Data excerpts
##########
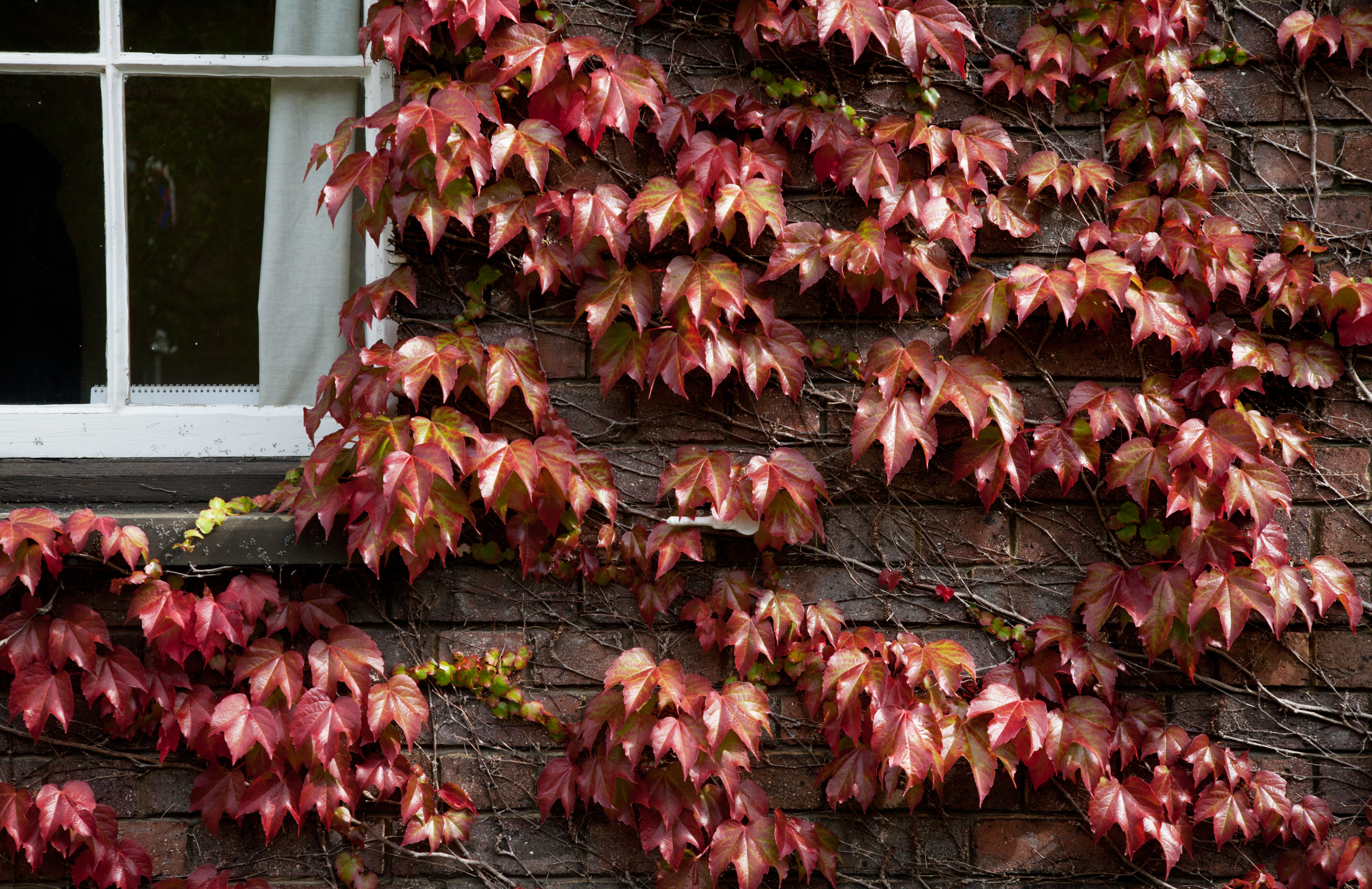 Japanese Creeper growing over the walls of the University of Cambridge, UK
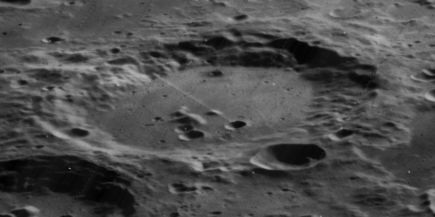 Oblique view of Bose, on the far side of the moon, facing west.
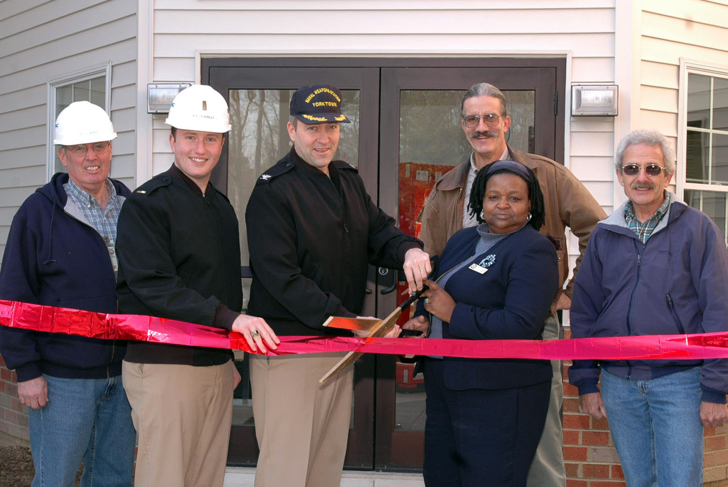 Yorktown, Va. (Jan. 24, 2007) - Naval Weapons Station Yorktown's Fleet and Family Support Center (FFSC) held a ribbon-cutting ceremony, in honor of the opening of their new facility. The ribbon was cut by Commanding officer of Naval Weapons Station Yorktown, Capt. Jerry O'Regan, Eddy Triplett, engineering technician, Ens. James Shambley, project engineer, Damon Lane, site manager, Linda Hough, installation program director, and Bill Greenman, facility maintenance specialist. FFSC Yorktown relocated to a larger building to better serve Sailors and their families on the Peninsula. U.S. Navy photo by Mass Communication Specialist Seaman Marissa Kaylor (RELEASED)
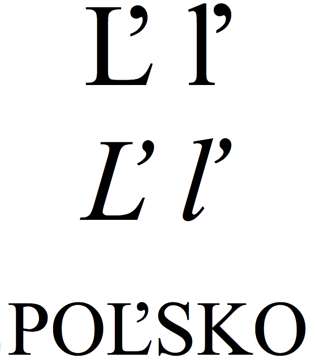 latin small and capital letter l with caron, and small capitals ‘Poľsko’
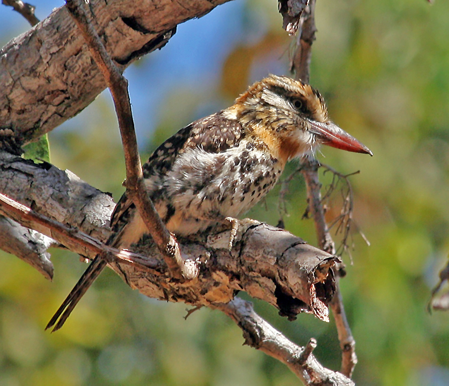 Brazil, Goiás, region of Formosa.
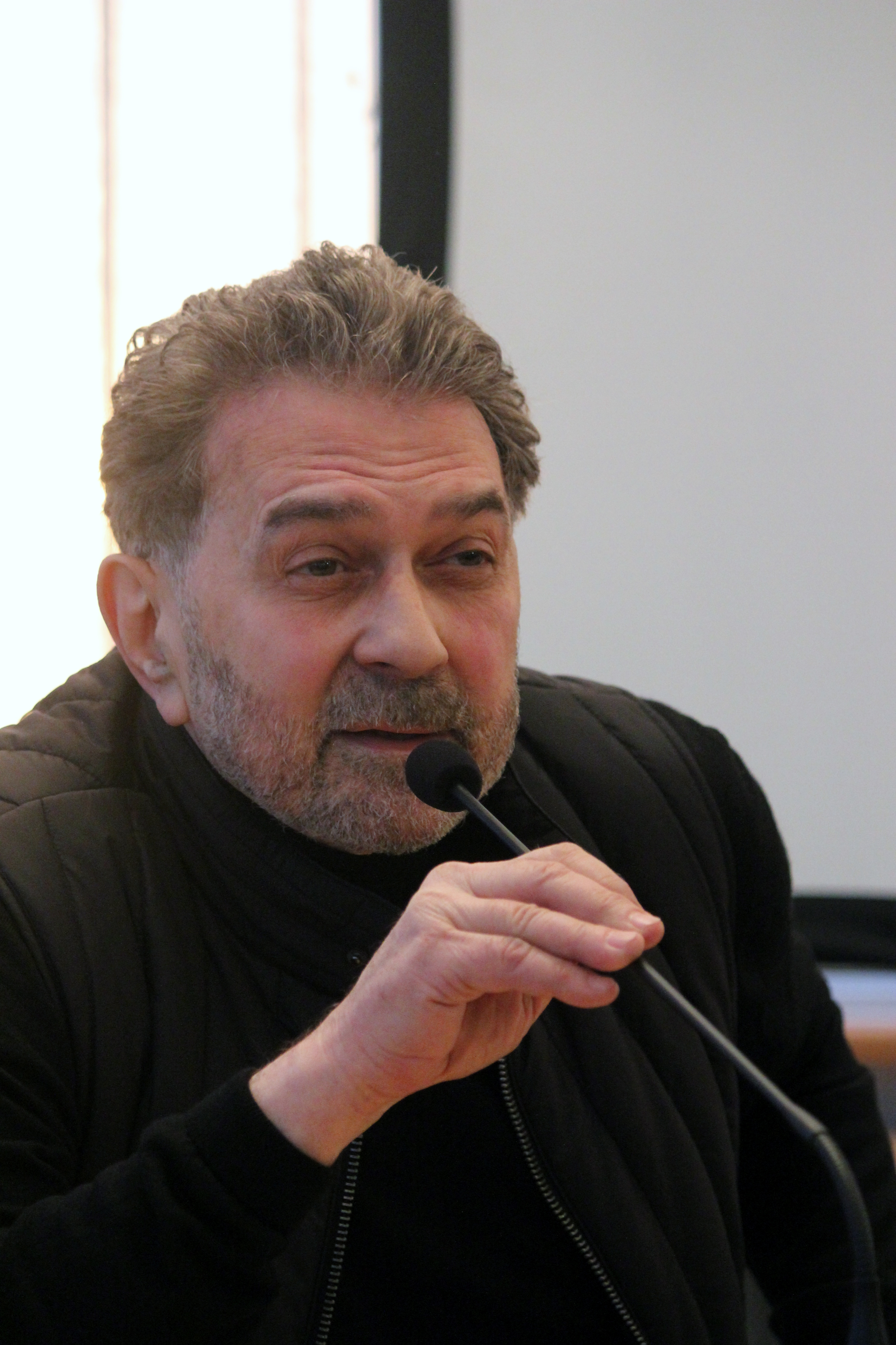 Russian painter Grisha Bruskin at the 20 Moscow International Fair Non/fiction 2018
##########
What to produce —
Images stay out, but the rest of the records must be retyped exactly.

Solution for this task —
 Japanese Creeper growing over the walls of the University of Cambridge, UK
 Oblique view of Bose, on the far side of the moon, facing west.
 Yorktown, Va. (Jan. 24, 2007) - Naval Weapons Station Yorktown's Fleet and Family Support Center (FFSC) held a ribbon-cutting ceremony, in honor of the opening of their new facility. The ribbon was cut by Commanding officer of Naval Weapons Station Yorktown, Capt. Jerry O'Regan, Eddy Triplett, engineering technician, Ens. James Shambley, project engineer, Damon Lane, site manager, Linda Hough, installation program director, and Bill Greenman, facility maintenance specialist. FFSC Yorktown relocated to a larger building to better serve Sailors and their families on the Peninsula. U.S. Navy photo by Mass Communication Specialist Seaman Marissa Kaylor (RELEASED)
 latin small and capital letter l with caron, and small capitals ‘Poľsko’
 Brazil, Goiás, region of Formosa.
 Russian painter Grisha Bruskin at the 20 Moscow International Fair Non/fiction 2018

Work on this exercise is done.